Helene, a Jewish Holocaust survivor, became Leila
How Helene, a Jewish Holocaust survivor, became Leila, the matriarch of a Palestinian Muslim clan
As world leaders — including U.S. Vice President Pence — gather in Jerusalem this week to mark the 75th anniversary of the liberation of Auschwitz, Jabarin was sharing a survivor’s memory unlike any other, a history of love and hate that exposes not just the power of transformation, but also the blindness of prejudice.
“First I was persecuted because I was a Jew, and now I am persecuted because I am a Muslim,” said Jabarin, who has watched the recent rise of both anti-Semitism and Islamophobia with alarm.
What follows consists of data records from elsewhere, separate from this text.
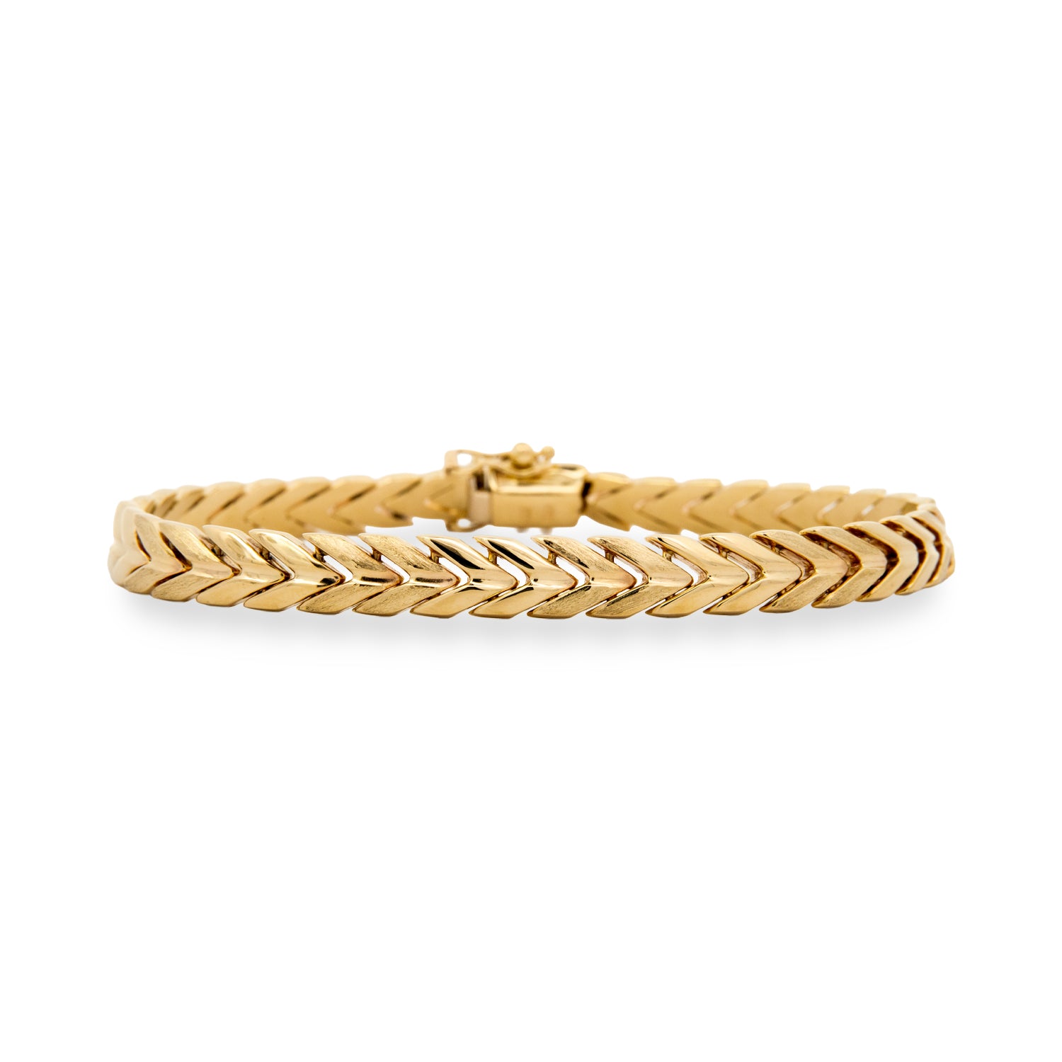 7.25" 14 karat yellow gold estate 6.3 mm fancy link bracelet, equipped with a box clasp and two figure eight safety mechanisms.Details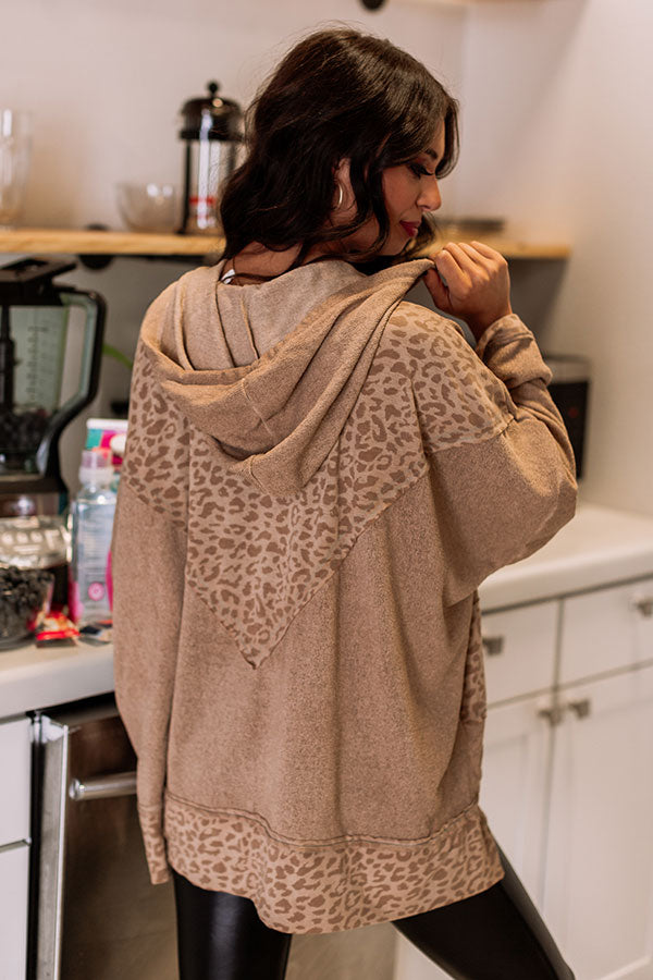 Strut along on the wilder side with this chic iced latte colored sweater featuring soft lightweight tight knit material, leopard print stripes with raw-cut trim detailing, a high rounded neckline with a drawstring hooded back, long oversized bell sleeves, and an ultra draped silhouette that falls into a straight tunic-length hemline with accent side slits! Measurements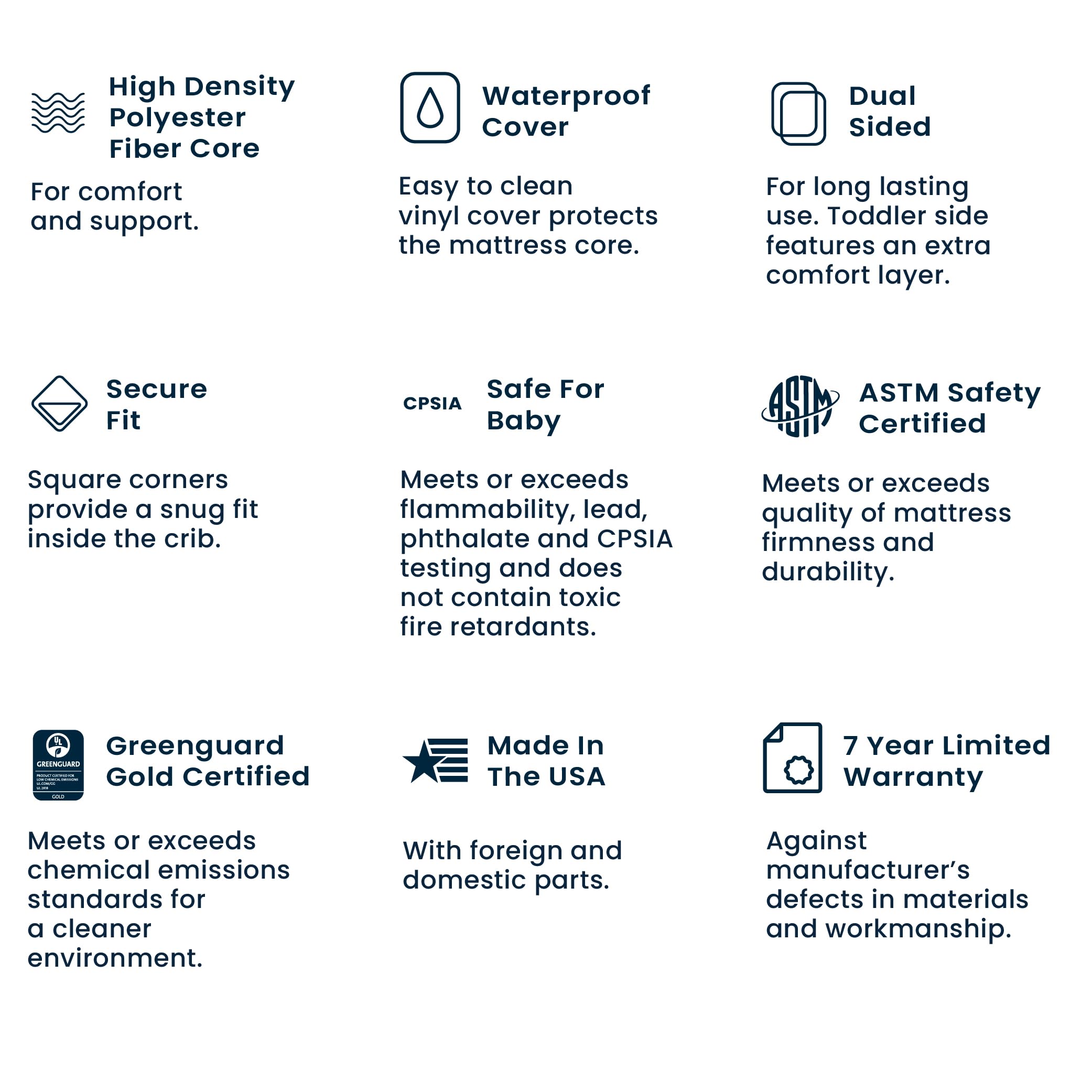 CERTIFIED SAFE: GREENGUARD Gold certified for cleaner indoor air quality and low chemical emissions to help create a healthier sleep space | JPMA certified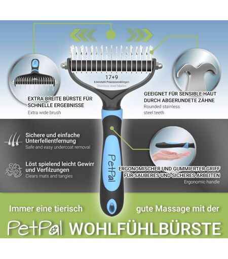 ¿ No More Nerve Hair - 5 minutes is enough to effectively remove large amounts of loose undercoat. Let yourself be surprised by how much dead undercoat you take out with this brush. Ideal for medium to long haired dogs and cats.¿ A GOOD ANIMAL MASSAGE - Don't scratch and suffer like some other brushes, there are none here. On the contrary, 17 + 9 precision blades ensure gentle and gentle grooming with optimal results. Unlike traditional brushes with dotted ends, the skin is not irritated. Thanks to the rounded teeth, your dog or cat will love the gentle massage. Also ideal for sensitive skin.¿ SIMPLE AND QUICK - Extra wide design creates a faster result with less stress. The barbels allow you to remove even the deep undercoat. Tangles and knots are easily solved. Does not damage healthy hair. Improve the well-being of your loved one by ridding him of the allergenic undercoat.¿ COMFORTABLE ERGONOMIC HANDLE - The ergonomic handle fits comfortably in the hand. The ergonomic handle is pleasant to the touch and thus ensures comfortable brushing. This prevents premature fatigue.¿ 100% SATISFIED OR REFUND - Your satisfaction is guaranteed! If for some reason you should not absolutely like the brush, just return it within 60 days. Our friendly customer service will refund you the full amount - no strings attached. Put your PetPäl premium dog brush in your basket. ...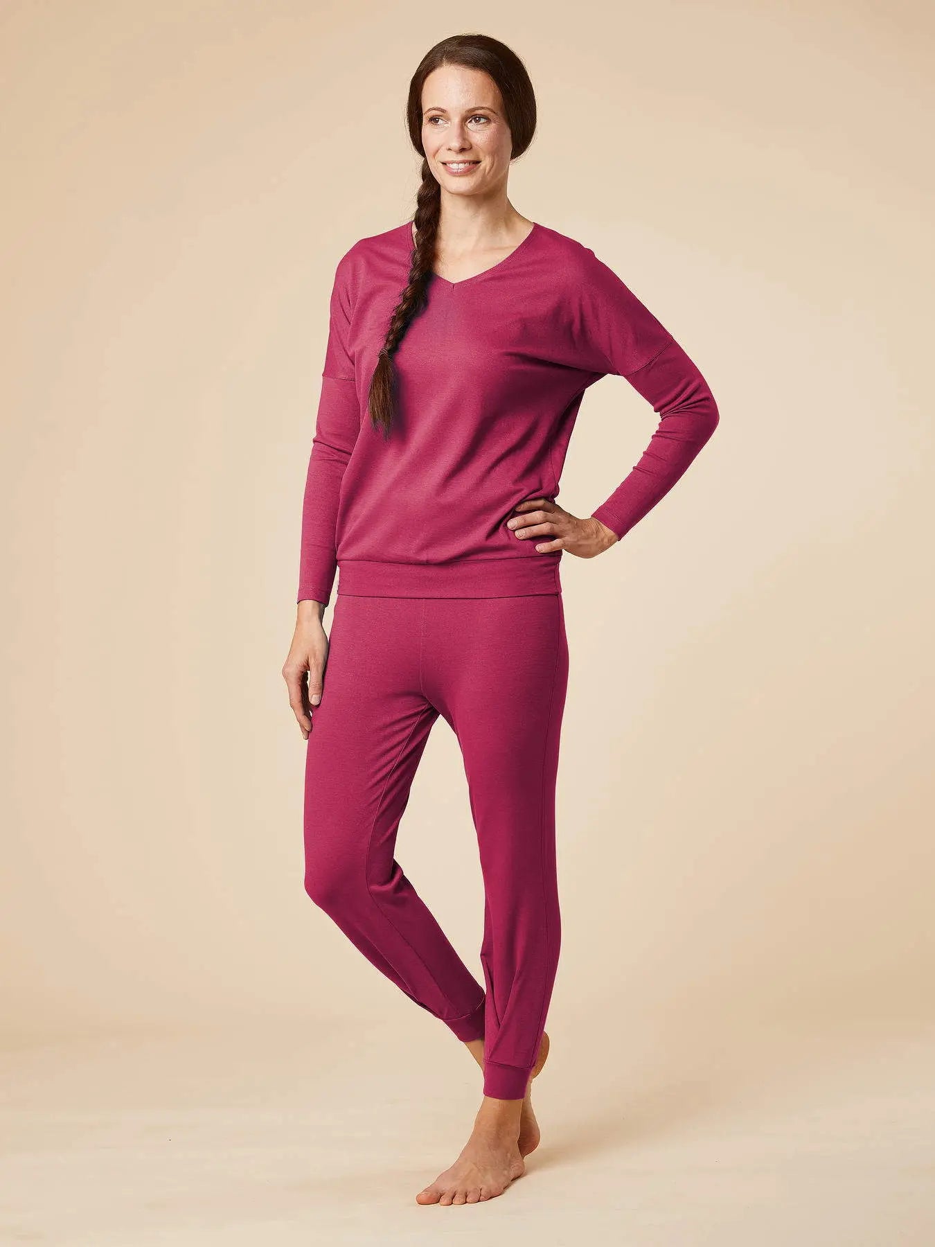 Unser Longsleeve Matangi in lässiger Fledermaus-Form: Perfekt zu verschiedenen Hosen und Leggins, auf der Matte oder danach. Durch das Bündchen bleibt auch während der Asanapraxis alles an Ort und Stelle. Und du kannst dein Oberteil mit den Bädchen sogar an der Hose festknoten, z.B. an der passende Shakti Leggings, oder der Homewear Hose Tara.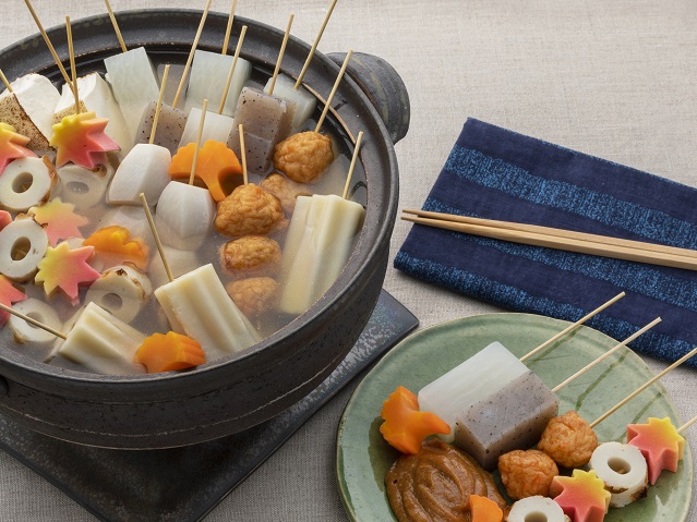 - 3鍋に湯をわかし、揚ボール、焼ちくわ、焼豆腐、紅葉麩、ちくわぶをそれぞれ入れ、30秒ほどしたらざるに取り出す。(この調理法を霜降りと言う。) その後、材料すべてを串に刺す。
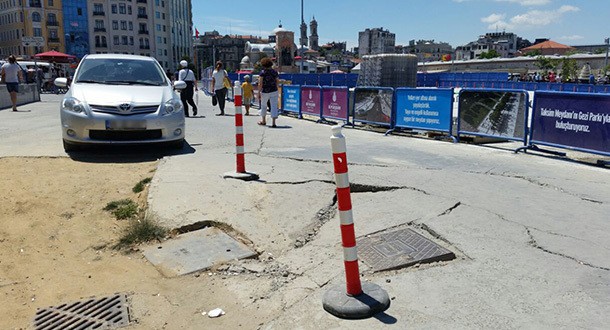 İstanbul Taksim’de çevre düzenlemesi ve parke taşı döşeme çalışmaları nedeniyle asfaltta çökme ve çatlaklar meydana geldi. Çöken kısımda dubalarla önlem alındı.

Jabarin took note of the massacre of 11 worshipers at a Pittsburgh synagogue in 2018 and another 51 last year at mosques in Christchurch, New Zealand. She attributed to both killers the same motivation, a hatred of the other, and is telling her story to show that love for the other is possible as well.
“When I was in school, they taught us that Arabs had tails,” she said, looking around at her Arab husband and her Arab family, as the Muslim call to prayer sounded across the neighborhood outside. “Everyone should know what happened to the Jews because it could happen to the Arabs.”
Among those listening in her living room was Erez Kaganovitz, a Tel Aviv photographer who is crisscrossing Israel to document as many such stories and images he can from the rapidly dwindling number of living Holocaust survivors. Through histories like Jabarin’s, he hopes to keep the knowledge of those horrors from disappearing with those who endured them.
“Ten years from now, what will be the memory of the Holocaust when the last survivor is no longer with us?” asked Kaganovitz. “If well tell the human stories, not just what happened in the camps but how they lived after, they appeal to humans in the way that numbers cannot. Six million Jews killed; it’s too big.”